On his personal blog he lays out where to look next for a serious crisis, and his answer is the municipal debt market.
But first, he lays out six preconditions for a serious crisis:
- Problems occur where leverage and opacity occurs.
- Things get serious when the market is big.
- Investors hold a false-belief in diversity.
- Portfolios that are apparently hedged often aren’t.
- Ratings can’t be relied upon.
- Defaults are not easy to manage.
Does the muni debt market meet the conditions?

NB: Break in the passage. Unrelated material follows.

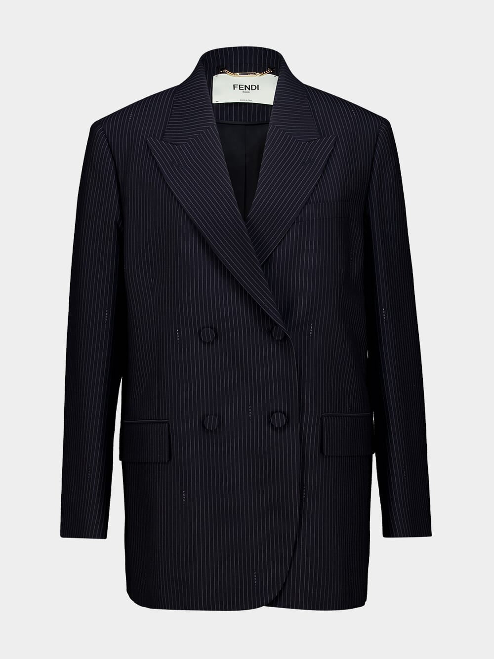 High-waisted trousers featuring a front yoke detail, pleats, and wide, turned-up hems. Designed with side pockets, belt loops, and a matching belt with a metal FF buckle. Crafted from wool with a signature Fendi pinstripe motif and finished with palladium metalware. Concealed zip closure.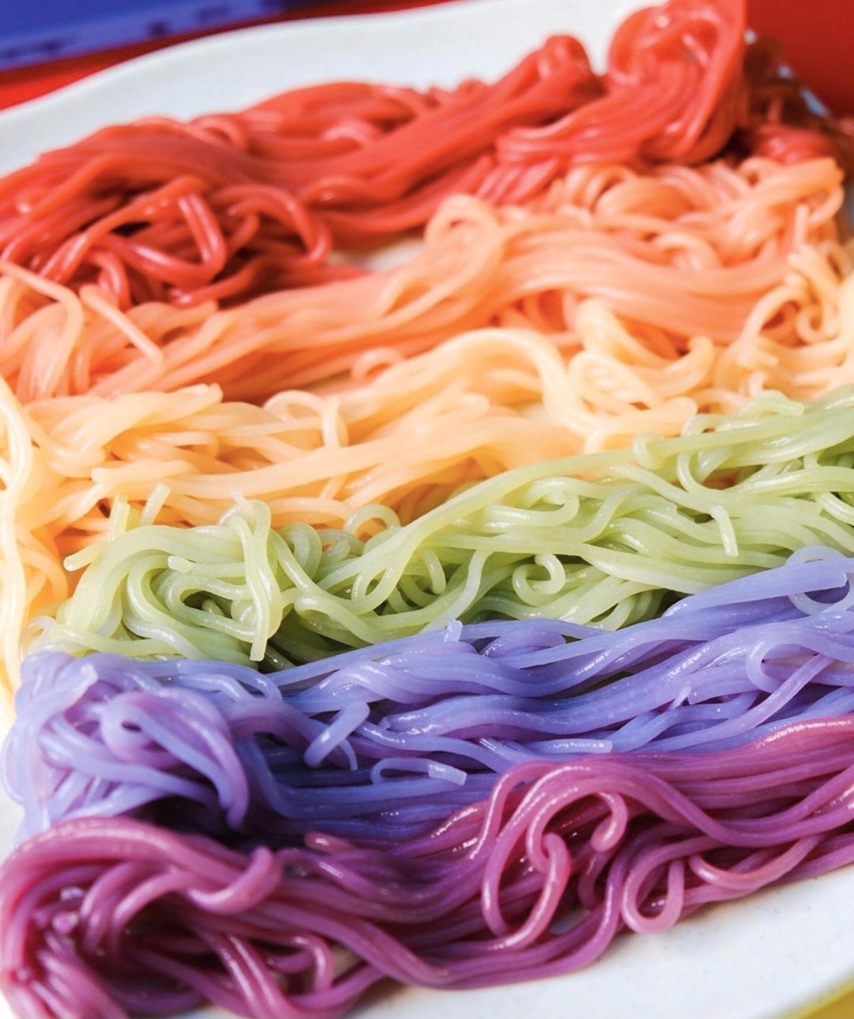 Lẩu cầu vồng gây ấn tượng với tín đồ ẩm thực bởi phần bún 6 màu bắt mắt. Quán bún đường Nguyễn Trọng Tuyển, quận Phú Nhuận, là tọa độ để bạn thưởng thức phiên bản ẩm thực hấp dẫn này. Thực khách có thể chọn nước dùng vị chua cay hay thanh ngọt. Ảnh: Canquetsaigon. |

On leverage and opacity, he writes:
Leverage and Opacity. Leverage in the municipal market comes from making future obligations to employees in order to pay them less now. This is borrowing in the form of high pension benefits and post-retirement health care, but borrowing nonetheless. Put another way, in taking lower pay today, the employees have lent money to the municipality, with that money to be repaid via their retirement benefits. The opaqueness comes from the methods of reporting. For example, municipalities are not held to the same standards as corporations in their disclosure.
The next five are just as clear.
Of course this doesn’t tell you when there’s going to be a problem, so that part’s up to you. Good luck.